I was feeling like a Lenten success on Thursday after spending 3 hours of my morning in the Illinois DMV in downntown Chicago. I was perky in spite of the wait. I was corgial in spite of the difficulties in registering a car owned by someone in NY but driven by someone in VA (long story.) And I felt authentically grateful for the staff who have a boring job – at least until they met me with the car involving two states that are not Illinois.
So, on my way to work with license plates in hand, I saw a man standing by the Daley Center with a sign that said, “Hungry. Just Hungry” and this happened next:
Perky Lenten Me: I’m headed down to Starbucks for coffee and a sandwich. Would you like to come with me?
Guy with “Hungry” Sign: I don’t really like Starbucks but thanks anyway.
I was such a Lenten success that morning that I was not in any way angry about his response. In fact I felt great about my light-hearted attitude and the fact that he could have had a delicious breakfast sandwich and a latte but he chose not to do so.
But then it hit me: Who was this offer for?

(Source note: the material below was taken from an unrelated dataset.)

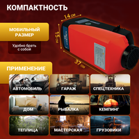 Отопитель отличается небольшими размерами и весом, что делает его идеальным выбором для рабочего пространства и транспорта. Вы можете перемещать устройство между различными объектами без особых усилий. Различные типы питания позволяют подключиться к сети как в автомобиле, так и дома.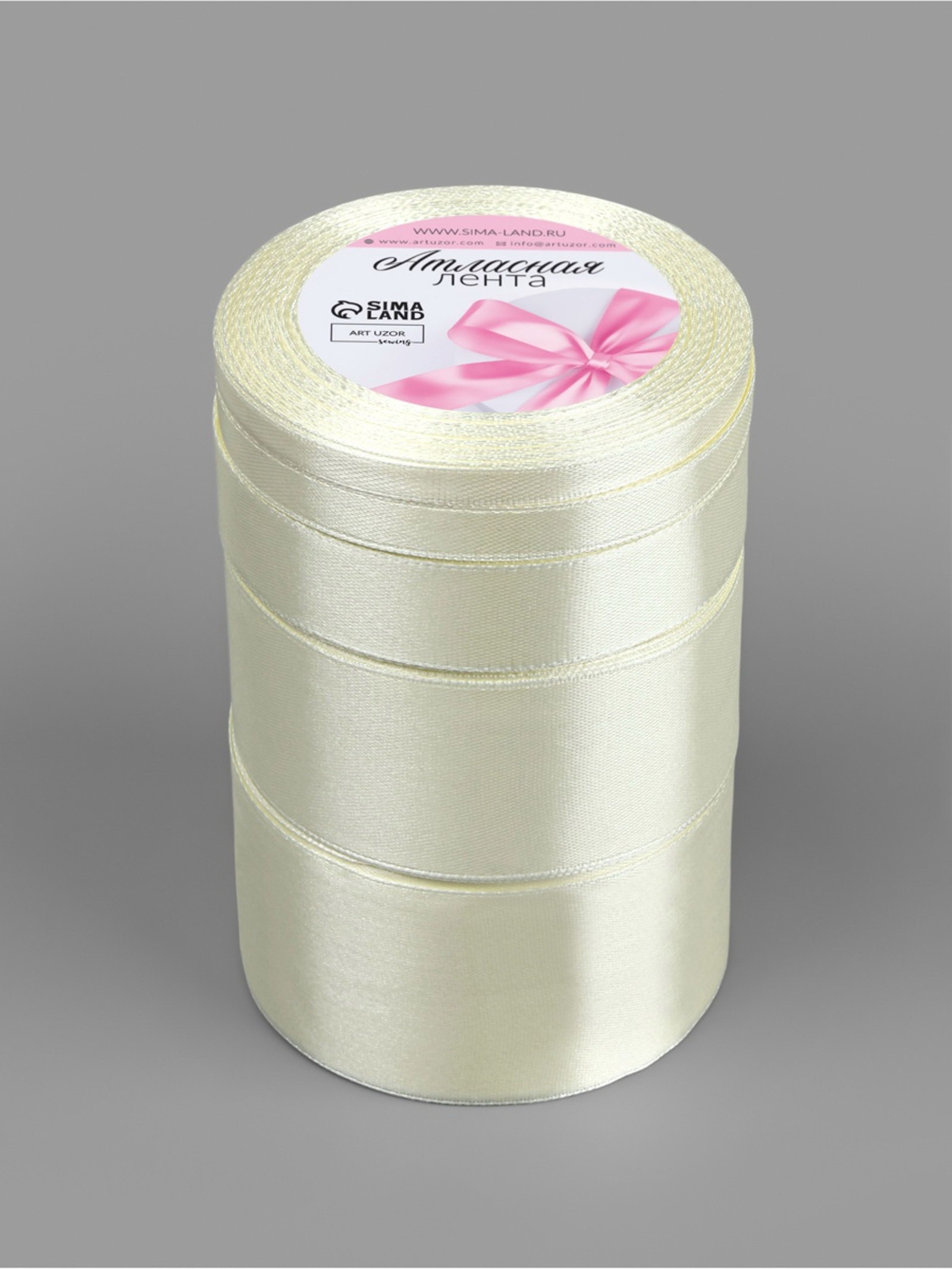 Атласная лента, набор 5 шт., 6/10/20/40/50 мм, 23+-1 м, сливочная №02, 9x9x12 см., Арт Узор, Китай

Me or GWHS?
Maybe coffee makes him sick and he doesn’t realize that you can also get tea and water and juice and hot cocoa in a Starbucks. Maybe he didn’t want to go inside a building with a stranger. Here’s what I should have said:
“Where would you like to go for something to eat? I’ll take you.”
I’m a believer in relational ministry which means that I would not only like to give you money, but I’d like to have a relationship with you. It’s more time consuming, but it feels more Christ-like to me.
Maybe he still would have said, “No, lady, I just want some cash.”
Maybe he wasn’t even hungry but he works for one of those scam groups who stick people out on the street corner and then come by to get their money later.